3. Task Scheduling with Conditions
Tasks have prerequisites, but you may have additional constraints like minimum time intervals or parallel execution. The core is still topological sort, often augmented with a max-heap (for earliest finish time) or a queue for BFS level-by-level processing.
from collections import deque, defaultdict
import heapq
def schedule_tasks(tasks, prerequisites, k):
# k is the cooldown between identical tasks
# This variant often uses a max-heap for earliest available time
# Standard topological sort sets up the dependency graph.
graph = defaultdict(list)
indegree = defaultdict(int)
for a, b in prerequisites:
graph[b].append(a)
indegree[a] += 1
# ... combined with a heap to manage scheduling
# This is a simplified structure for the pattern.
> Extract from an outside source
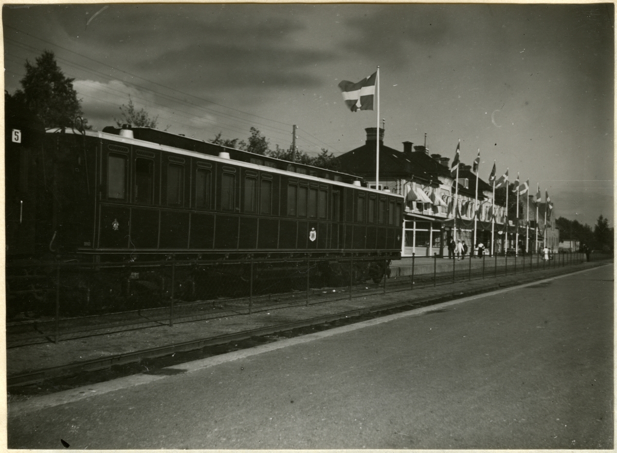 Östersund station under utställningen 1920. Statens Järnvägar, SJ Ao3 1861.

available = [task for task in tasks if indegree[task] == 0]
heapq.heapify(available)
order = []
while available:
task = heapq.heappop(available)
order.append(task)
# Process neighbors and manage cooldown logic
return order
Difficulty Breakdown
Our dataset of 26 questions shows a clear skew: 0% Easy, 38% Medium, 62% Hard. This split is revealing.
- No Easy Questions: Topological sort is rarely a trivial one-step problem. Even basic implementations require building a graph, managing indegree, and handling cycle detection.
- Medium (38%): These are standard applications: Course Schedule I/II, Alien Dictionary (simpler versions). You must recognize the pattern and implement the algorithm correctly.
- Hard (62%): The majority are hard because topological sort is often just the foundation. You’ll layer on:
- Parallel execution (minimum time to finish all tasks).
- Complex cycle detection within larger systems.
- Reconstructing specific orders from partial data.
- Combining with other algorithms (DFS for strong components, Dijkstra for weighted edges).
This distribution means you must be comfortable extending the basic algorithm. Practice isn't about memorizing code—it's about adapting the core idea to new constraints.
Which Companies Ask Topological Sort
Topological sort is a favorite at companies that design large-scale systems, compilers, or scheduling software. The top askers are:
- Google – Frequently asks complex scheduling and dependency problems.
- Amazon – Common in questions about build systems and order fulfillment pipelines.
- Meta – Appears in problems related to job scheduling and social graph dependencies.
- Microsoft – Often tied to compiler design and package management scenarios.
- Bloomberg – Used in financial data processing pipelines with ordering constraints.
Study Tips
- Start with the Classic: Implement Kahn's algorithm (BFS with indegree) and DFS-based topological sort from memory. Kahn's is often easier to adapt for interview problems.
- Map the Problem to a Graph: When you see "prerequisite," "order," "before/after," or "dependency," immediately think: nodes are items, edges are relationships. Write that mapping down as your first step.
- Practice Cycle Detection: The question "is it possible?" is really "is there a cycle?" Implement cycle detection using the same BFS/DFS traversal. If processed nodes < total nodes, there's a cycle.
- Extend Incrementally: For hard problems, solve the basic topological sort first. Then, step-by-step, add the new constraint (e.g., parallel execution, time intervals). This shows structured thinking.
Topological sort is a pattern-based weapon. Recognize the dependency graph, apply the algorithm, and layer on the extra logic. The high percentage of hard questions means your practice should focus on adaptation, not just recall.